A lot of these plants, they’re being scaled up now. They’re starting to make a vaccine on the assumption that it’s going to work. They’re not waiting to see whether it works before ramping up.
That’s what Operation Warp Speed is doing: providing the money upfront so we can start large-scale manufacturing, so that we’ll be ready right away if a vaccine works.
But we’d love to have multiple options. It’d be great to have viable vaccines in the different modalities. DNA, mRNA, viral vector and protein-based: those are all manufactured differently, so you’re not putting all your eggs in one basket. If there’s some supply issue with one, you’d still have two or three others.
What else do you want Houstonians to know? What should we be watching as we wait for a vaccine?
A: The Phase Three trial is pivotal. That’s really what we’re really aiming for. So hopefully there’ll be some interim results. It’d be great to know by September if the vaccines are working.

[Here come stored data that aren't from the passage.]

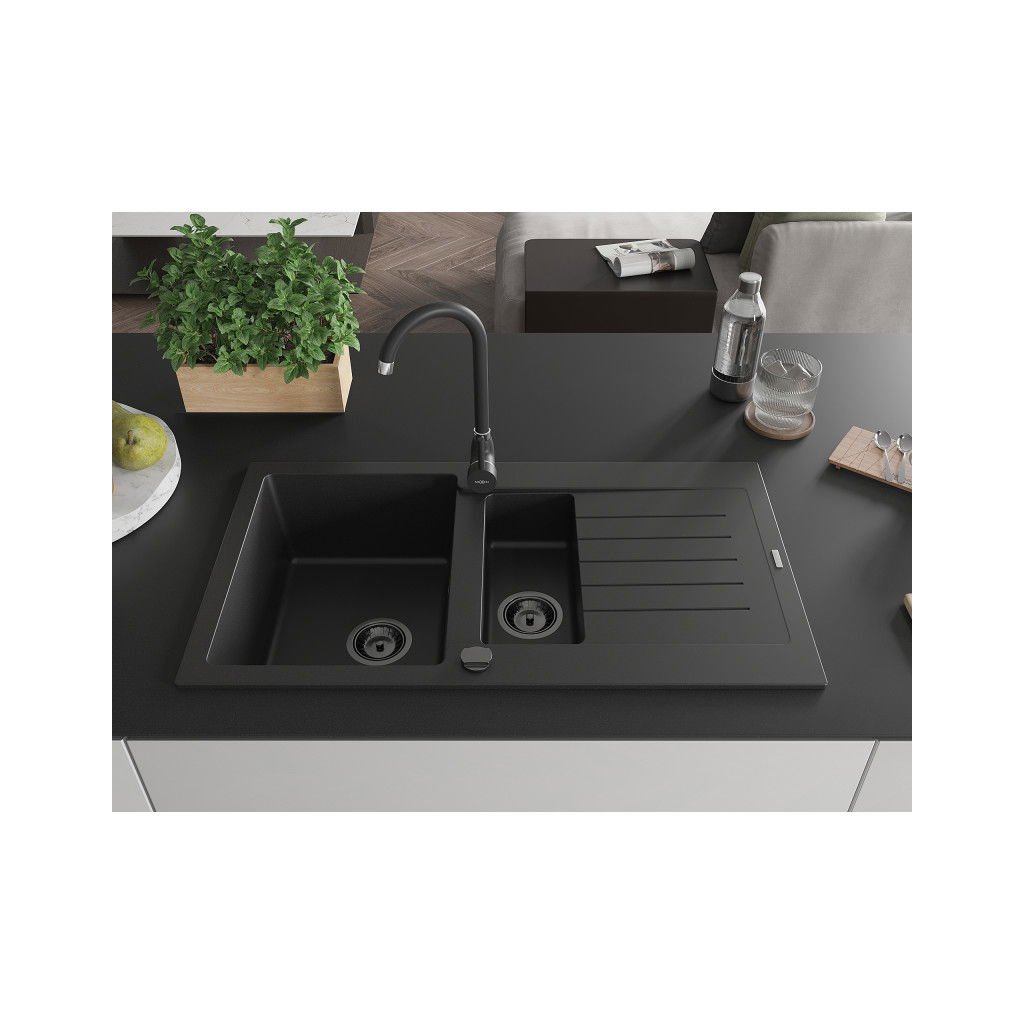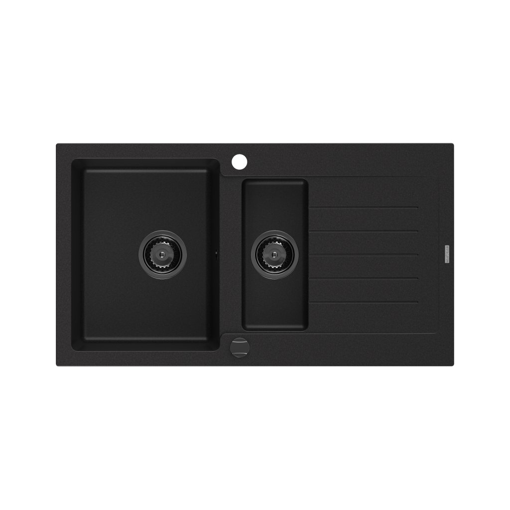 Mexen Matias - drez granitový 900x505x200 mm, 1,5-komorový, čierna s čiernym sifónom, 6502901505-77-B
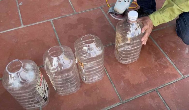 Дополнительно нам потребуются четыре пластиковых баклажки: отрезаем у них горловину, а потом отрезаем по размеру — это будут формы для заливки «опорных подошв».
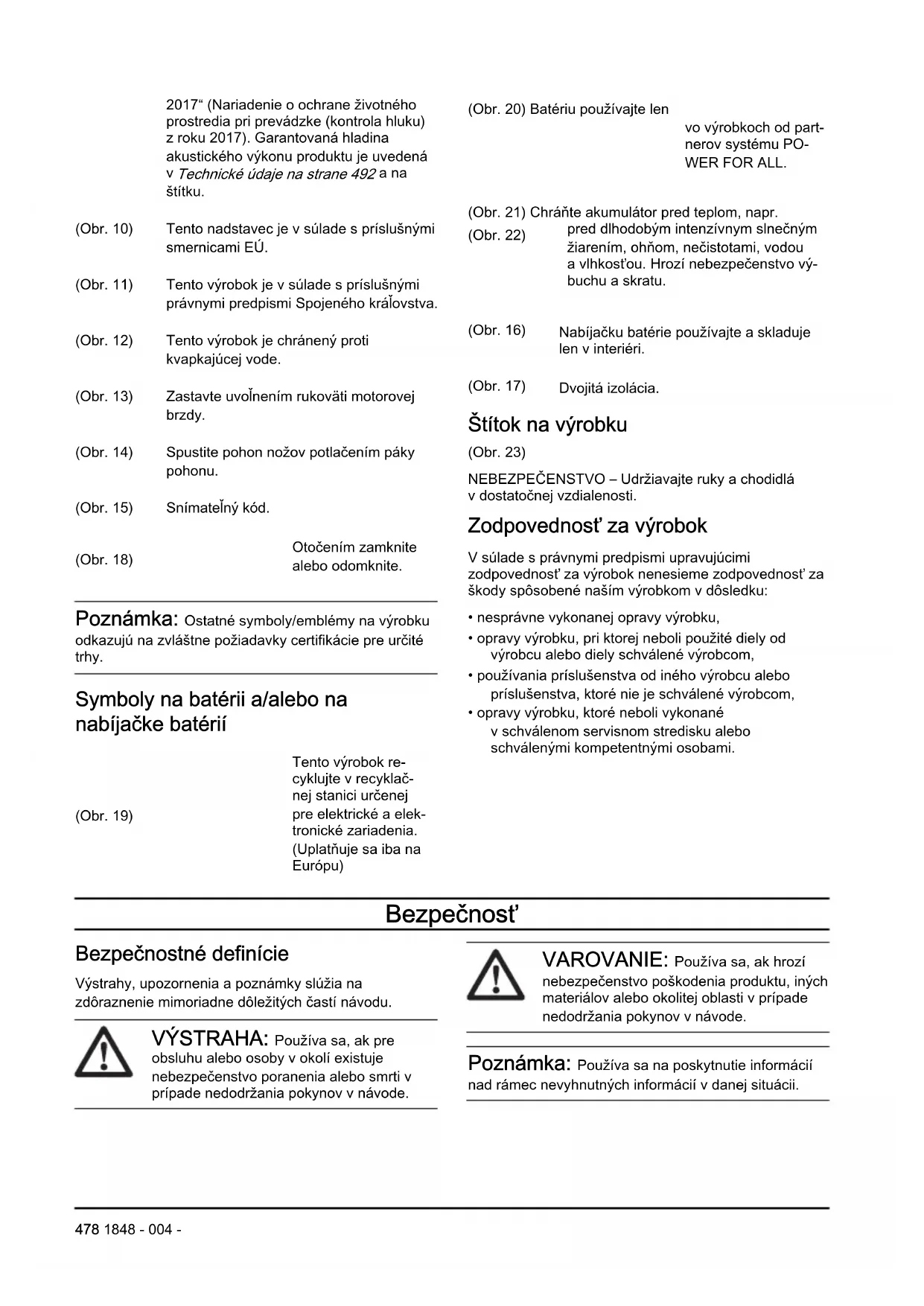 Technické údaje na strane 492 ana štítku. (Obr. 10) Tento nadstavec je v súlade s príslušnými smernicami EÚ. (Obr. 11) Tento výrobok je vsúlade spríslušnými právnymi predpismi Spojeného kráľovstva. (Obr. 12) Tento výrobok je chránený proti kvapkajúcej vode. (Obr. 13) Zastavte uvoľnením rukoväti motorovej brzdy. (Obr. 14) Spustite pohon nožov potlačením páky pohonu. (Obr. 15) Snímateľný kód. (Obr. 18) Otočením zamknite alebo odomknite. Poznámka: Ostatné symboly/emblémy na výrobku odkazujú na zvláštne požiadavky certifikácie pre určité trhy. Symboly na batérii a/alebo na nabíjačke batérií (Obr. 19) Tento výrobok re- cyklujte vrecyklač- nej stanici určenej pre elektrické aelek- tronické zariadenia. (Uplatňuje sa iba na Európu) (Obr. 20) Batériu používajte len vo výrobkoch od part- nerov systému PO- WER FOR ALL. (Obr. 21) Chráňte akumulátor pred teplom, napr. pred dlhodobým intenzívnym slnečným žiarením, ohňom, nečistotami, vodou avlhkosťou. Hrozí nebezpečenstvo vý- buchu a skratu. (Obr. 22) (Obr. 16) Nabíjačku batérie používajte a skladuje len vinteriéri. (Obr. 17) Dvojitá izolácia. Štítok na výrobku (Obr. 23) NEBEZPEČENSTVO – Udržiavajte ruky achodidlá vdostatočnej vzdialenosti. Zodpovednosť za výrobok Vsúlade správnymi predpismi upravujúcimi zodpovednosť za výrobok nenesieme zodpovednosť za škody spôsobené naším výrobkom vdôsledku:

Most people think you’ll need a prime. So you’d get vaccinated, and then you’d come back two or four weeks later for the boost, and then a few weeks after that, you’d probably be maximally protected. In the trials they’ll be monitoring to see how long it is before people that are vaccinated just once get infected. That’ll determine whether you need yearly injections or every other year.
Right now, with COVID, I think the main thing is just trying to keep the cases down. Obviously in Texas we’re just exploding with COVID cases from opening up too early. We just need everybody to social distance, be responsible, wear masks. Try to keep the numbers down. Buy time for the vaccine to be developed and distributed.
This interview has been edited for length and clarity.